Installation (conda + pip) - Fast
-
Create an environment
conda env create -f environment_verbose.yaml
-
Activate your environment
conda activate cellvit_env
-
Install pip packages
pip install -r requirements.txt
-
Install pytorch for your system
We used the following pytorch version:- torch==2.2.1
- torchaudio==2.2.1
- torchvision==0.17.1
You can find installation instructions regarding pytorch here: https://pytorch.org/get-started/previous-versions/
💡 Even if PyTorch gets installed during environment buildup, please install it specifically for your system
Example (but check your version please on the website!):
pip install torch==2.2.2 torchvision==0.17.2 torchaudio==2.2.2 --index-url https://download.pytorch.org/whl/cu121
Installation (conda) - Slow
-
Create an environment
conda env create -f environment.yaml
⏳ This procedure can take some time, on our hardware it needed around 30 min to install all packages, but this might take longer. If you want to keep track of the installation progress, you might consider using the split approach described above using conda + pip.
-
Activate your environment
conda activate cellvit_env
-
Install pytorch for your system
We used the following pytorch version:- torch==2.2.2
- torchaudio==2.2.2
- torchvision==0.17.2
You can find installation instructions regarding pytorch here: https://pytorch.org/get-started/previous-versions/
💡 Even if PyTorch gets installed during environment buildup, please install it specifically for your system
Example (but check your version please on the website!):
pip install torch==2.2.2 torchvision==0.17.2 torchaudio==2.2.2 --index-url https://download.pytorch.org/whl/cu121
After completing the above steps and activating the environment, run the following command to verify that your environment is correctly set up:
python3 check_environment.py
Note: If the script runs successfully, your environment is ready for use. This also already downloads the test database
- CuPY: Multiple cupy version with pip and conda -> Remove all packages for cupy from pip (
pip uninstall cupy
) and conda (conda uninstall cupy
). If you get problems with CuPY and your GPU, please uninstall all cupy packages and install the respective version for your system (CUDA) configurations. For help see here: https://docs.cupy.dev/en/stable/install.html - We provide two environments files. The first one is the full conda export to get all packages we used to track the environment along with its dependencies (environment_full.yaml). The other one is a cleaned file that just includes important packages to get the code working (environment.yaml).
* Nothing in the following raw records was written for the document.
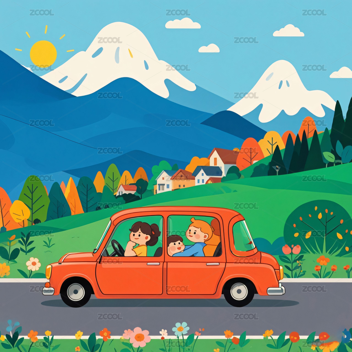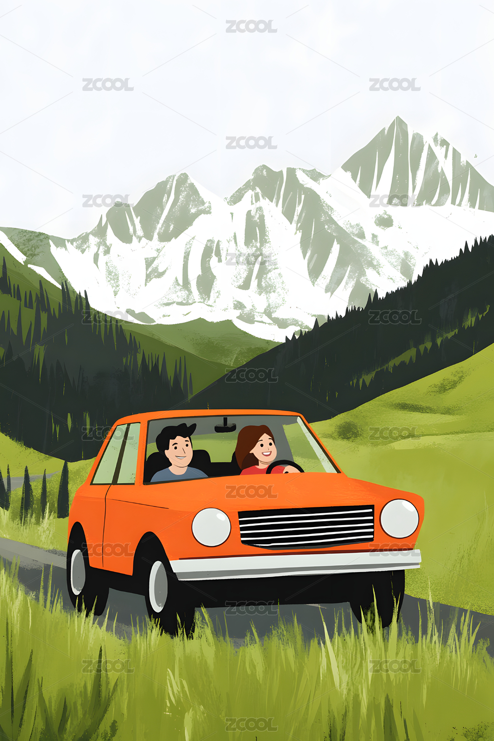 AIGC202404,旅行,插画,风景,风光,开车,自驾,旅游
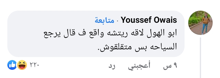 وتلقت الصورة العديد من التعليقات من قبِل الجمهور، وجاءت التعليقات كالتالي: أبو الهول لاقه ريتشه واقع قال يرجع السياحة بس متقلقوش.. في إيه ما أنا صاحي بقالي 7 ألف سنة جات على الدقيقتين دول.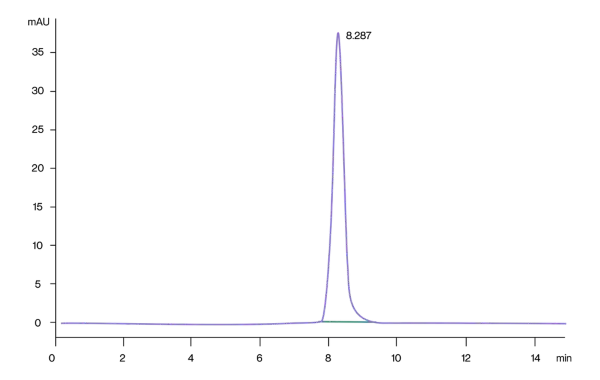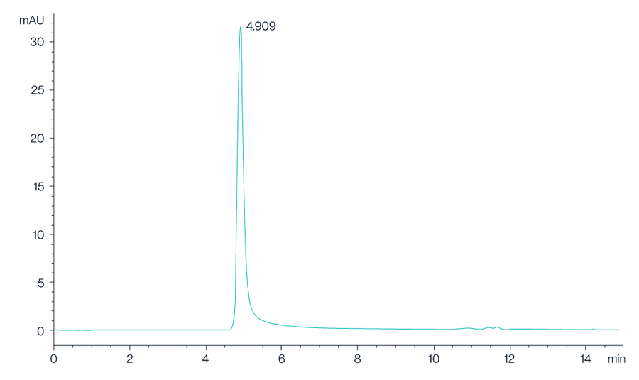 Figure 2. The chromatogram shows the high-performance liquid chromatography (HPLC) profile of Claudin 18.2 VLPs, with a prominent peak observed at 4.909 minutes, indicating the retention time of the Claudin 18.2 protein. The sharp and well-defined peak suggests a high purity and consistency of the VLP preparation.

We created a beta-version for a docker image. You can pull the image from here: ikimhoerst/cellvit:beta. The docker container has all requirements preinstalled and is intended to run on a linux/amd64 plattform. We included the CellViT-SAM-H checkpoint and all classifiers for this model inside the container.
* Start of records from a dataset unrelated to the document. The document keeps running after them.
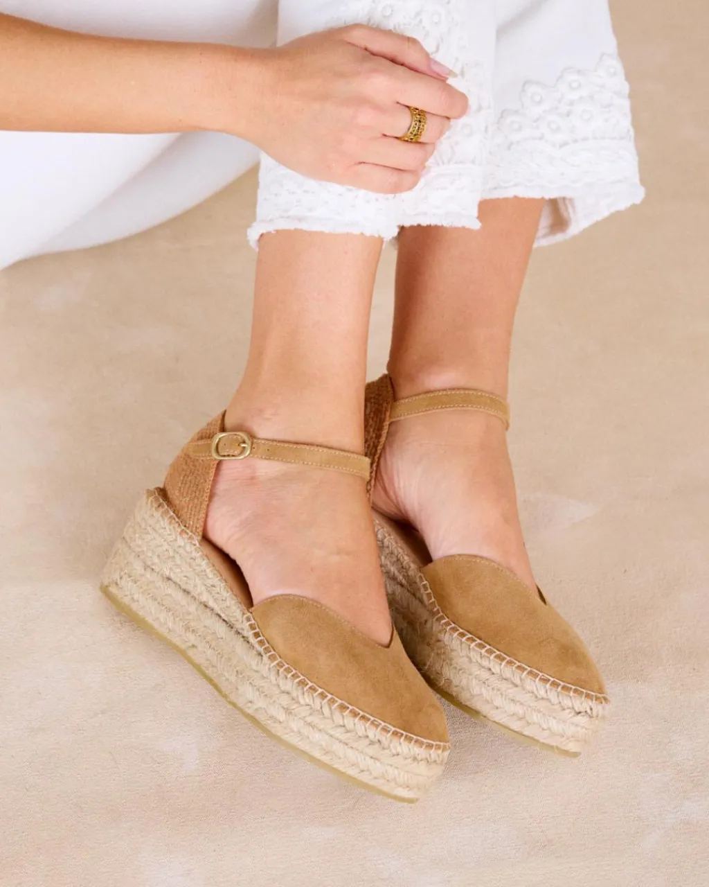 Espadrille plateforme couleur camel. Pointe légèrement pointue. Fermeture à la cheville par boucle. Décolleté en cœur. Fabrication espagnole de jute naturel. La semelle intérieure est dotée d’un coussinet pour plus de confort. Une espadrille parfaite pour toute la journée et idéale à combiner avec votre jean préféré.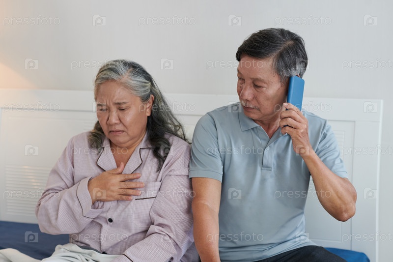 Обеспокоенный пожилой мужчина звонит доктору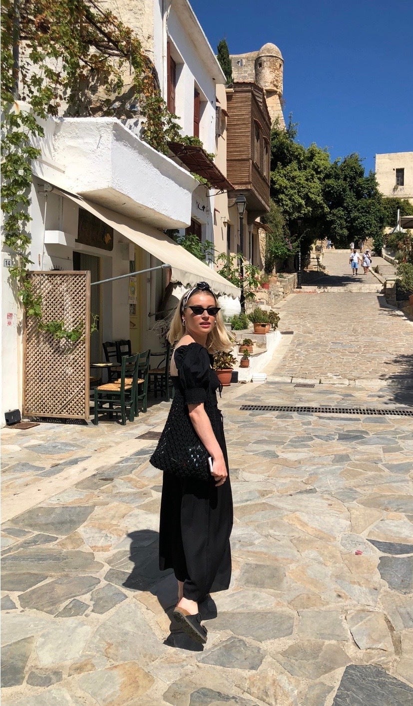 I only started wearing dresses last year but I’d love to expand my summer collection. I’m not a fan of floral print or much colour, so this black linen dress is the one. I’m into the side split, fitted bodice and pretty ruched sleeves.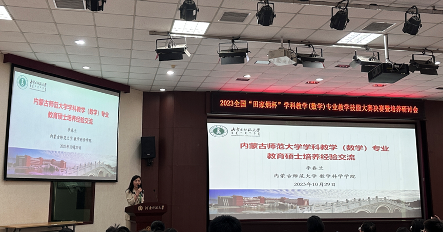 决赛结束后,李春兰教授受邀,在2023年全国“田家炳杯”学科教学(数学)专业教学技能大赛决赛暨培养研讨会上分享了我院教育硕士培养的经验,与在场各校专家学者进行深入交流。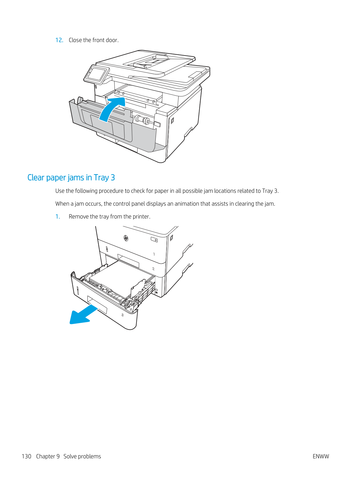 Clear paper jams 125Clear paper jams in Tray 2 Use the following procedure to check for paper in all possible jam locations related to Tray 2. When a jam occurs, the control panel displays an animation that assists in clearing the jam.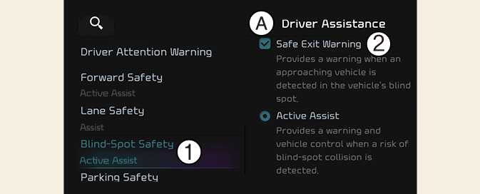 With the vehicle on, select Setup → Vehicle → Driver Assistance → Blind-Spot Safety→ Safe Exit Warning from the infotainment system screen to turn on Safe Exit Warning and deselect to turn off the function.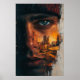 Experience raw urban edge with this striking double exposure portrait. A young man gazes directly ahead, his expression intense and focused. A gritty city skyline is artfully overlaid onto his cheek, highlighted by a vibrant yellow/orange glow that radiates from behind the buildings. The overall design possesses a distinct grungy feel, capturing the unfiltered energy and texture of the streets. Perfect for those who appreciate edgy contemporary art, bold urban aesthetics, and portraits with a strong, direct impact.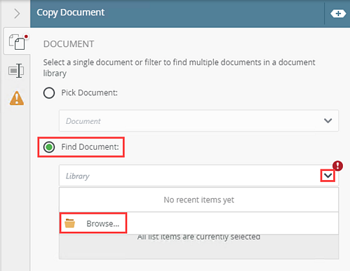 | Find Document | Use this to browse to the library containing the desired document. | Click the Find Document radio button to enable this option. Click the menu and select Browse to browse to a specific one. |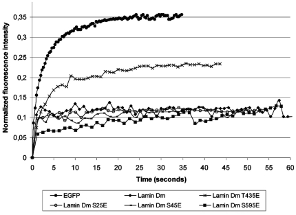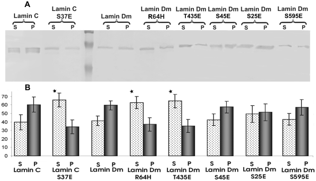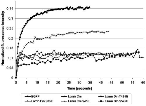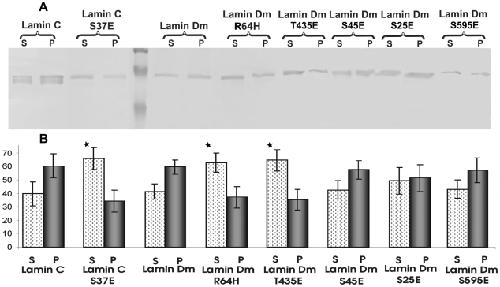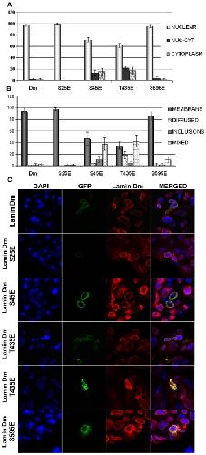 Lamins' functions are regulated by phosphorylation at specific sites but our understanding of the role of such modifications is practically limited to the function of cdc 2 (cdk1) kinase sites in depolymerization of the nuclear lamina during mitosis. In our study we used Drosophila lamin Dm (B-type) to examine the function of particular phosphorylation sites using pseudophosphorylated mutants mimicking single phosphorylation at experimentally confirmed in vivo phosphosites (S(25)E, S(45)E, T(435)E, S(595)E). We also analyzed lamin C (A-type) and its mutant S(37)E representing the N-terminal cdc2 (mitotic) site as well as lamin Dm R(64)H mutant as a control, non-polymerizing lamin. In the polymerization assay we could observe different effects of N-terminal cdc2 site pseudophosphorylation on A- and B-type lamins: lamin Dm S(45)E mutant was insoluble, in contrast to lamin C S(37)E. Lamin Dm T(435)E (C-terminal cdc2 site) and R(64)H were soluble in vitro. We also confirmed that none of the single phosphorylation site modifications affected the chromatin binding of lamin Dm, in contrast to the lamin C N-terminal cdc2 site. In vivo, all lamin Dm mutants were incorporated efficiently into the nuclear lamina in transfected Drosophila S2 and HeLa cells, although significant amounts of S(45)E and T(435)E were also located in cytoplasm. When farnesylation incompetent mutants were expressed in HeLa cells, lamin Dm T(435)E was cytoplasmic and showed higher mobility in FRAP assay.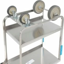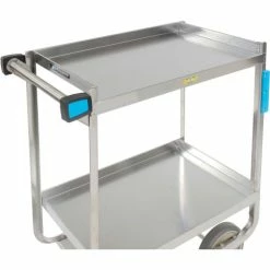 This Lakeside® Heavy Duty Stainless Steel Utility Cart is ideal for receiving goods, moving loads for ware-washing and transporting loads up to 700 lbs. This stainless steel cart features unitized electronic welding and an angle U-frame design for extra strength. Made using 1/8″ thick stainless steel legs and 18 gauge shelves. Stain and rust resistant shelves are reinforced with a hemmed front. Shelves feature raised retaining edges on 3 sides. Bumpers on legs and handle protect walls and furniture. Easy-to-clean. Moves easily on non-marring 2 rigid, 2 swivel casters. 2 shelf quantity. 700 lb. capacity. 32-5/8″L x 19-3/8″W x 34-1/2″H overall.

To start the container, use the following command. Replace /path/to/local/input
and /path/to/local/output
with the appropriate local paths on your system to load slides into the container as well as saving results locally:
docker run --name cellvit++ \
--gpus all \ # gpus to use (default all)
--memory=8g \ # memory, we recommend more (16g)
-v /path/to/local/input:/workspace/CellViT-plus-plus/input-data \ This directory contains the input data mounted into the container.
-v /path/to/local/output:/workspace/CellViT-plus-plus/output-data \ This directory contains the output data mounted from the container.
-it \ # start terminal in workdir
ikimhoerst/cellvit:beta
To run inference, you can use the same commands as given in the examples below. However, you do not need to hand over the model checkpiont anymore, as CellViT-SAM-H is the default model in the container. Please consider your input and output paths accordingly. The classifiers are located inside the ./checkpoints/classifier/sam-h
folder likewise to this git repository.
You can also use the given docker-compose.yaml
file. Replace /path/to/local/input
and /path/to/local/output
(under volumes) with the appropriate local paths on your system to load slides into the container as well as saving results locally. Consider increasing the memory to 16g or 32g, if memory problems occur.
Start with:
docker-compose up
Checkpoints can be downloaded here from Google-Drive. They should be placed inside the ./checkpoints
folder. Classifier checkpoints are already located inside the ./checkpoints/classifier
folder. Unfortunately, we cannot share all checkpoints due to their license.
This framework consists of 3 key components: CellViT++ Algorithm, Cell Classification Module, Web-Based WSI Viewer
![Example](/TIO-IKIM/CellViT-plus-plus/raw/main/docs/figures/framework.jpeg)
Inference can either be performed in-memory (recommended) or with the old version (patch extraction first). We highly recommend to use the new in-memory version, as it is faster and has more options. The old script still exists for legacy reasons, but not all functionality is supported.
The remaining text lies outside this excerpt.